El primero que apareció al abrirse la pantalla fue el de escalada: las pruebas en diciembre. "Buf, ¿en diciembre? ¡Todavía falta mucho!"
El segundo fue el de alpinismo: mínimo 18 años. "-¿18? ¡Qué mierda, todavía no puedo entrar!"
El tercero y último fue el de esquí de montaña: "Ah, las pruebas son este fin de semana, déjame que piense? ninguna salida con la UEC, ningún concierto,? seguro que es mejor que quedarse en casa y aguantar a mis padres todo el fin de semana!"
En el viaje en tren que me llevaba hasta la Cerdanya mis pensamientos eran claros: "Si no me gusta el ambiente, me piro, si no me caen bien, me piro y si simplemente no me encuentro a gusto que les bomben!"
Dos años más tarde de este viaje en tren me plantaba en Font-Romeu, un pueblo situado a 1800m, en la Cerdanya francesa, a 15' en coche de Puigcerdá. Empezaba, en un lugar y en una lengua semidesconocidos, con Marc Pinsach y Kilian Jornet, una nueva aventura, mis estudios de STAP (un equivalente a INEF) en la especialidad de Deporte Adaptado.
Font-Romeu me brindó la posibilidad de estudiar y entrenar al mismo tiempo. Una gran suerte y una gran ventaja para practicar un deporte como el esquí de montaña.
Después de 3 años de estudio, de nuevo sentía que mi etapa allí se había acabado. Con un título universitario y con muchas más medallas de las que nunca había podido soñar en el bolsillo, mis "affaires" en Font-Romeu habían tocado techo, sentía en mi interior que alguna cosa más grande me estaba esperando y es que como mi madre siempre me dice "soy un espíritu libre", nunca me han convencido las rutinas y cuando tengo una inquietud la escucho.

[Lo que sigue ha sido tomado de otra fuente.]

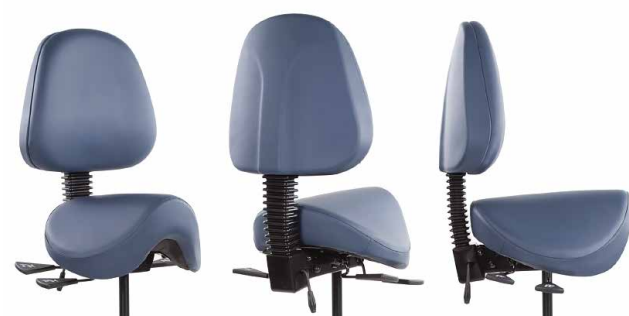
Ergo Saddle With Backrest

Designed and development in Australia, the Ergo Saddle is available in both a Standard and Slimline design and can be purchased with or without a Backrest.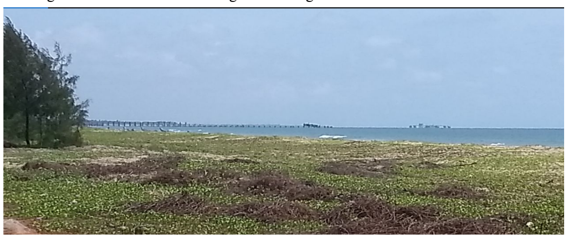
(Image: Jetty like structure of chemplast sanmar and Allied silica ltd)

The team had a look on the abandoned port of <u>Nagarjuna oil refinery</u>. The refinery was said to be destroyed by the Thane cyclone. From a few kilometers distance into the sea, the Island Jetty for boat landing is provided for <u>Chemplast sanmar</u> and <u>Marine Terminal Facility (MTF)</u> for import of Vinyl Chloride monomer is present there. According to the local activistes, <u>Allied Silica Ltd</u> is also using the same MTF for unloading and loading of chemicals.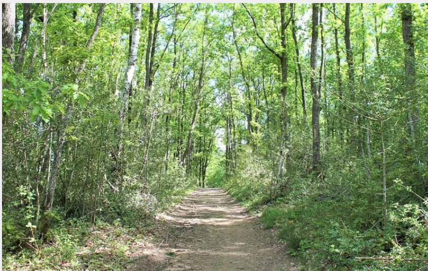
(O.Nugueo - CC HCC)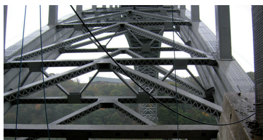
Denso Void Filler protecting stranded cable supports from corrosion.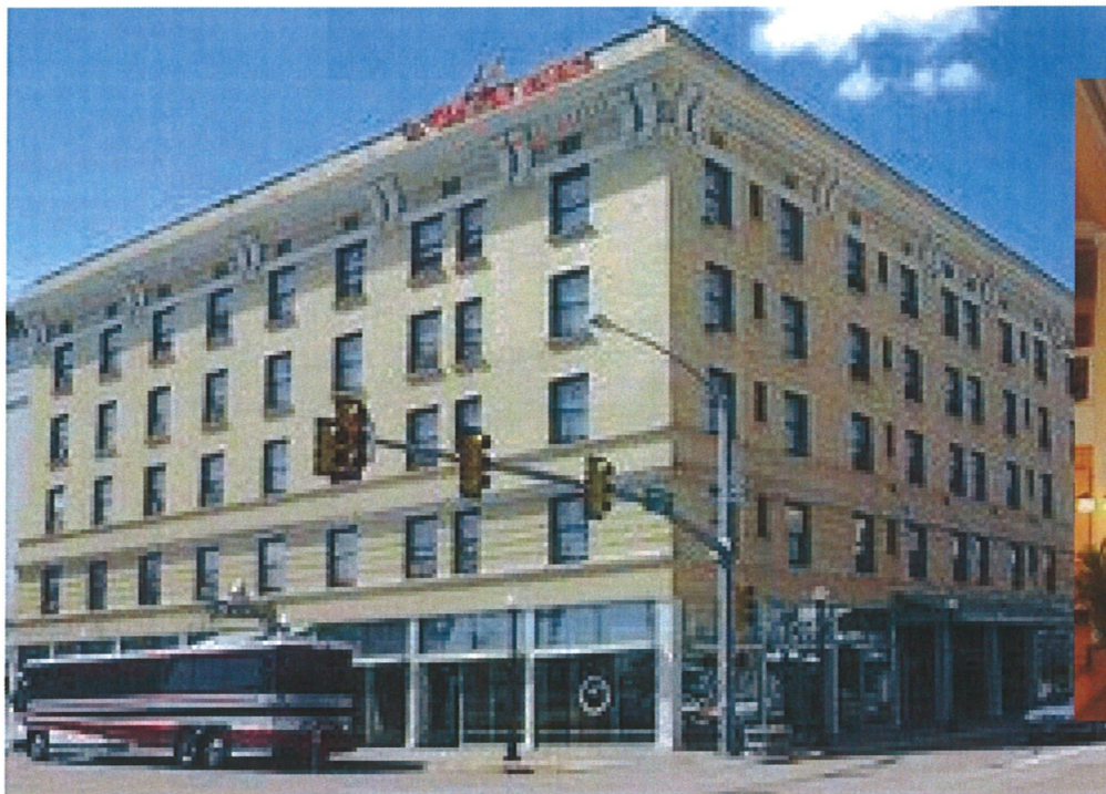
The Plains Hotel

Y la encontré, al final de una carretera muy empinada después de coger un camino de tierra de 50m, en un pequeño chalet de madera de 3 plantas. Si me giraba a la izquierda veía a Kilian, si me giraba a la derecha veía a Laeti, si levantaba la vista me deslumbraba el Mont Charvin, La Tournette i L'Étale y si miraba hacia atrás veía las huellas que yo misma había dejado sobre la nieve de La Clusaz. Empezaba mi camino de deportista profesional, sin grandes lujos, pero con mucha satisfacción.
"Resiliencia": Capacidad de un individuo para adaptarse ante las adversidades. Nunca he sabido adaptarme a las situaciones rígidas, a los gritos o los sonidos fuertes. Nunca he sabido hacer planes que no cambiasen cada día. Fruto de mi personalidad, de este "espíritu libre" de que tanto habla mi madre, como una pelota, antes que romperme prefiero rebotar. Y ahora cuando piso un restaurante me cuesta decidirme. Hay muchos platos que me gustaría probar, muchos lugares donde podría viajar y muchas vidas paralelas que podría llevar. Y yo me quedo con los pasos por la orilla del río embarrado, los partidos de fútbol entre la hierba alta y con una gran taza de chocolate cerca del fuego, si es aquí donde mi espíritu decide llevarme.